Certainly the primary reward of playing your game is the act of playing itself. That is clearly enough stated in the definition of "reward system" in the provisional glossary. Also clear in the glossary is that this fun is dependent on the individuals creative agenda. I think your, Ron's and Vincents comments on the reward system of tMW show more about your creative agendas than what the game requires. You see trust as premise - it is fun but not central. Vincent sees personal honor (the theme of Dogs in the Vinyard). Ron focuses on trust (which hits at a compelling human emotion - Sorcerer doing something similar). Trust not just in the game but outside of the game as well.

No matter what we intend as game/rules writers to be rewarding, what players actually find rewarding is going to rely on their own local game culture and what it values. The Cargo Cult idea.

A gamist (I want to win) player might find killing the witch rewarding or preparing to kill the witch (in a single session of play).

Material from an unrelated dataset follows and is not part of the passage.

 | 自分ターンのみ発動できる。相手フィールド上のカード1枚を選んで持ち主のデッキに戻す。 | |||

I'm wondering, do you think it is important for there to be a single reward system or is it okay for people to mentally impose their own values on to the game they play? I'm personally okay with players doing what they want. I try to provide a way to "win" the game but since I like personal freedom to try to get there by alternate routes I don't mind if the game goes off in other directions.

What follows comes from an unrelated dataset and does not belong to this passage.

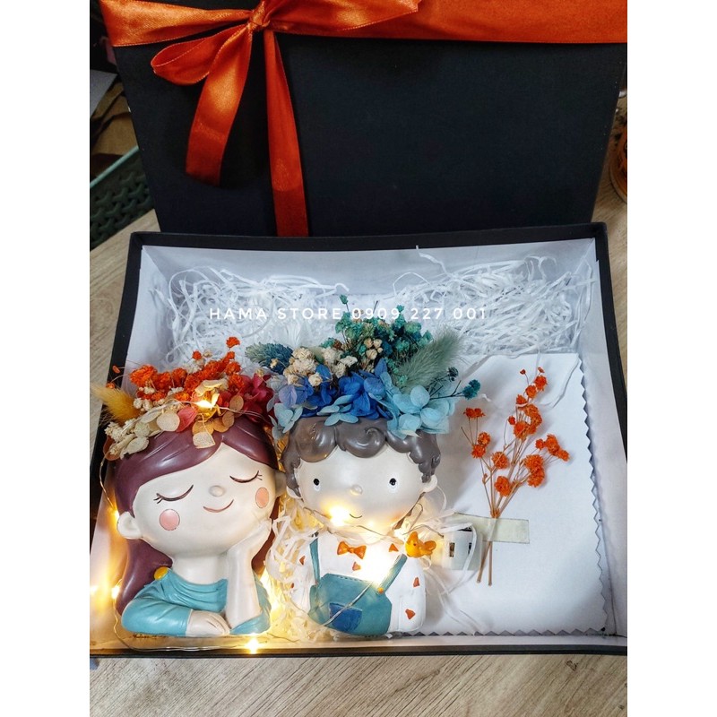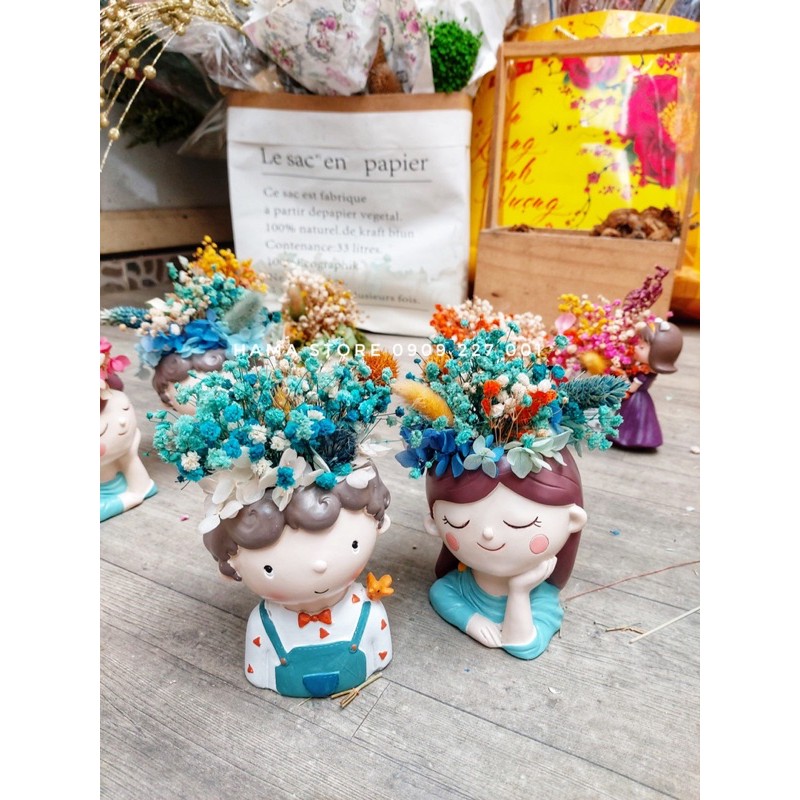 Lọ hoa trang trí hình cô gái HandMade 100% phối các loại hoa khô cao cấpKích thước cả lọ và hoa 15-18cm, xoè khoảng 8-9cm

BTW Congratulations on you Gen Con sales!

Chris Engle
Hamster Press = Engle Matrix Games
Chris Engle
Hamster Press = Engle Matrix Games
http://hamsterpress.net

Ron Edwards

Hiya,

Chris, it might surprise you how difficult it would be to impose a Gamist agenda onto playing The Mountain Witch. You'd really have to ignore or strongly modify many existing rules, and the whole group would have to be involved in (and agree upon) the modifications.

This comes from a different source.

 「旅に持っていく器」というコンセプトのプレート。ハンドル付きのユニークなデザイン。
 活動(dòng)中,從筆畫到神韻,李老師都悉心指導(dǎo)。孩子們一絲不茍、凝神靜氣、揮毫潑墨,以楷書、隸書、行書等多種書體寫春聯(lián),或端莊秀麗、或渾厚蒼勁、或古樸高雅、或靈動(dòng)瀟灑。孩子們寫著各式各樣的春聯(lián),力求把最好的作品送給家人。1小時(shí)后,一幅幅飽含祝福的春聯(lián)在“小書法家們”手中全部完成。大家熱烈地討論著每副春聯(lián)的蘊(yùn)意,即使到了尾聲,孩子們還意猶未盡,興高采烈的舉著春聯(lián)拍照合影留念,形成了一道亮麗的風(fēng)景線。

All of which could happen, yes. But it is certainly not a case of taking a bucket and sitting on it upright, upside-down, or sideways depending on what you felt like. You'd have to rebuild the object, and to make the rebuilt thing work, everyone else would have to recognize and approve of the fact that it's no longer the bucket it was.

Best,
Ron

MatrixGamer

I can see that. The only possible gamist goal of tMW is killing the witch which is sort of pointless since it would mean ignoring the journey there. Since all the players would have to agree to major changes an agressive player in the fold would lead to some pretty dysfunctional play.

The only thing rewarding about dysfunctional play is for people who like drama (of the real life kind - not the game variety).

Chris Engle
Hamster Press = Engle Matrix Games
Chris Engle
Hamster Press = Engle Matrix Games
http://hamsterpress.net

Clinton R. Nixon

Tim,

I just wrote about the reward system of The Mountain Witch on my weblog a few days ago (in the context of talking about the reward system for my own new game.)

I found it super-interesting to see how you basically decoupled the reward system from resolution or any of the mechanics of play. Play itself feeds into the reward system, but only through the the judgment of other players.

It's - well, there's not a lot like it. It's pretty interesting and works exceptionally well.